The results from Slate's Google Trends contest.

Dubious and far-fetched ideas.
Feb. 18 2010 5:06 PM

Hot Stuff

The results from Slate's Google Trends contest.

Last month, we invited readers to take the Google Trends challenge: write a deadpan, Associated Press-style news item using as many Google "hot trends" as possible from the hour of their choice. The most popular search terms from the competitive time period included some easy-to-include headline events—the earthquake in Haiti, Apple's iPad announcement, Barack Obama's first State of the Union. Other briefly hot trends, though, presented more of a challenge: rhotacism ("several phenomena related to the usage of the consonant r," says Wikipedia), which surfaced because of a Who Wants To Be a Millionaire question; Hawaii's Aqua Aloha Surf and Spa; naked photographs of Jersey Shore's Jenni "J-WOWW" Farley, rumored to be shopped around to gossip mags.

Some of you managed to combine these disparate elements elegantly. Others did not. We'll start with those.

Granted, it wasn't easy to make a cohesive story line out of amaryllis flowers, the death of 6-year-old Rihanna fan Jasmina Anema, and offensive lineman Shon Coleman's decision to sign with Auburn instead of Alabama. But anyone who artlessly attempted to work in "Challenger explosion"—a trend from Feb. 4, the anniversary of the disaster—as a simile or metaphor was automatically disqualified: "This hit me like the space shuttle Challenger explosion." "This will be as huge as the Challenger explosion." "He went off like the Challenger explosion." "This is the worst thing that's happened to me since the Challenger explosion." Bad form.

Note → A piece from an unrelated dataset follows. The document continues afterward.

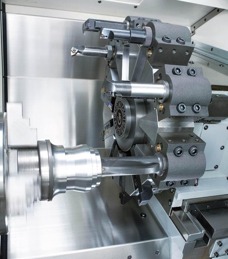 GA 系列结合 C 轴控制及动力刀塔成为车铣复合中心,可将一工件在同一车床内完成车、铣、钻及攻牙等加工。可避免因为工件在机器间移动所产生的误差,并节省加工时间及人力。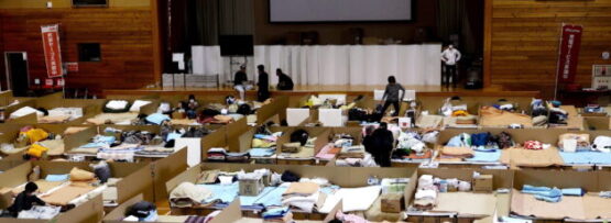 70代の男性は「最初は段ボールベッドもなく、床にざこ寝。地べたに寝てると、立ちにくいから、動かなくなる」とつらそうだった。60代の女性は「トイレ? 足りないです。女子は和…

Perhaps the easiest way besides naked pictures—I'm looking at you, Jenny Farley and Greg Oden—for a celebrity to make her name burn up Google Trends is to die. J.D. Salinger and Howard Zinn both passed away during our contest. Some submissions handled these passings quite well; others chose to simply put words in the mouths of these late, great men. This entry was off to a good start—until Zinn showed up looking surprisingly animated:

The annual State of the Union address, President Obama's first, led to a creative GOP response this Wednesday evening. The governor of Virginia, Bob McDonnell, focused his talk on the newly-released iPad as a metaphor, alternately for Mr. Obama's new economic plan and his wife, Maureen McDonnell. "It's expensive, unrealistic, and comes with a lot of hidden defects," he told the small crowd, which included his five children and Howard Zinn. After the speech, Mr. Zinn railed fiercely against the governor's policy goals. But he reluctantly admitted that they had some common ground: "the new iPad *is* a disappointment."

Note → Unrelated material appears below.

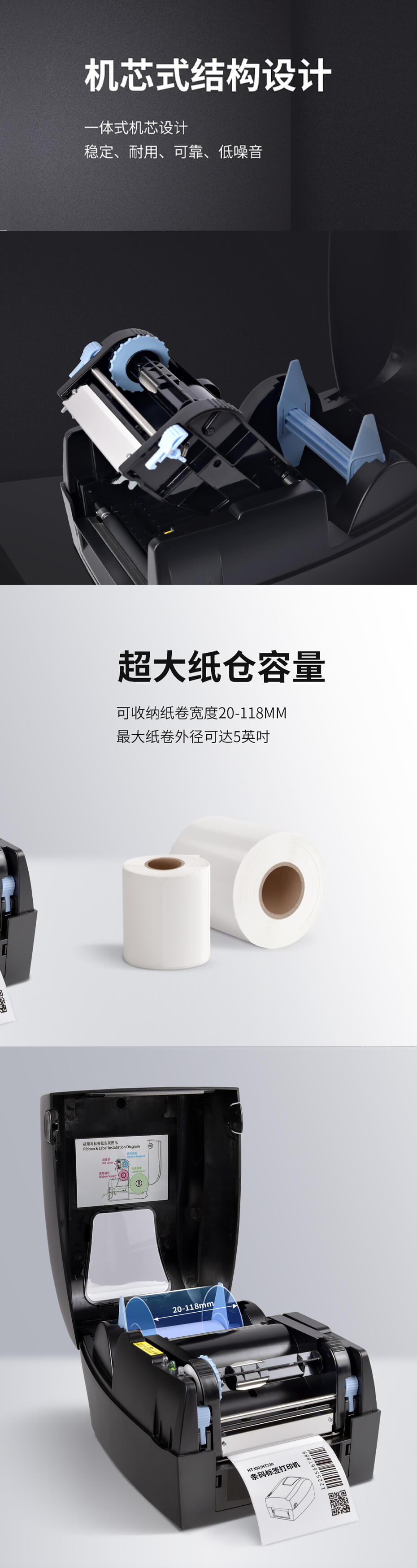碳帶模組設計,使用軸芯組裝碳帶,配合軸芯導槽,安裝操作更簡單,手動輪盤方便碳帶整理,碳帶轉印不摺皺,1吋碳帶管芯,最大碳帶長度300米。

Other entries, however, spun surprisingly realistic tales. This well-crafted entry from Andrew, which included 15 of the hour's 20 trends, is framed as an obituary for Salinger, taking advantage of the fact that so many of the day's trends focused on the Catcher in the Rye author's work and life:

Author J.D. Salinger died on Thursday at 91 in his home in Cornish, NH. His book "Catcher in the Rye," and stories such as "A Perfect Day for Bananfish," "Franny and Zooey," and "Raise High the Roof Beam Carpenters," have already been the subject of an intense bidding war for film rights with Miramax taking the lead and an open casting call for the part of Holden Caulfied scheduled for this spring. Margaret Salinger has not ruled out the possibility of sullying her father's legacy by making his beloved and sacrosanct fiction into major motion pictures. One of Salinger's quotes, "It was a very stupid thing to do, I'll admit, but I hardly didn't even know I was doing it," represented Ms. Salinger's equivocation over the future of her late father's work. Salinger's former lover, Joyce Maynard has vehemently opposed any filmic representation.

Miramax is also in talks with the family of the late Howard Zinn to create a left-leaning documentary based on his last book to be posthumously published under the name "Wall Street 2," the book is an examination of the financial crisis from a dialectical materialistic standpoint. In the book, Dr. Zinn is expected to be especially critical of Fed chairman Ben Bernanke whose reconfirmation vote he opposed. Zinn, who died after an accident in one of the Toyota models affected by the recent recall, was eulogized by consumer advocate Ralph Nader who called Toyotas, "Unsafe at any speed."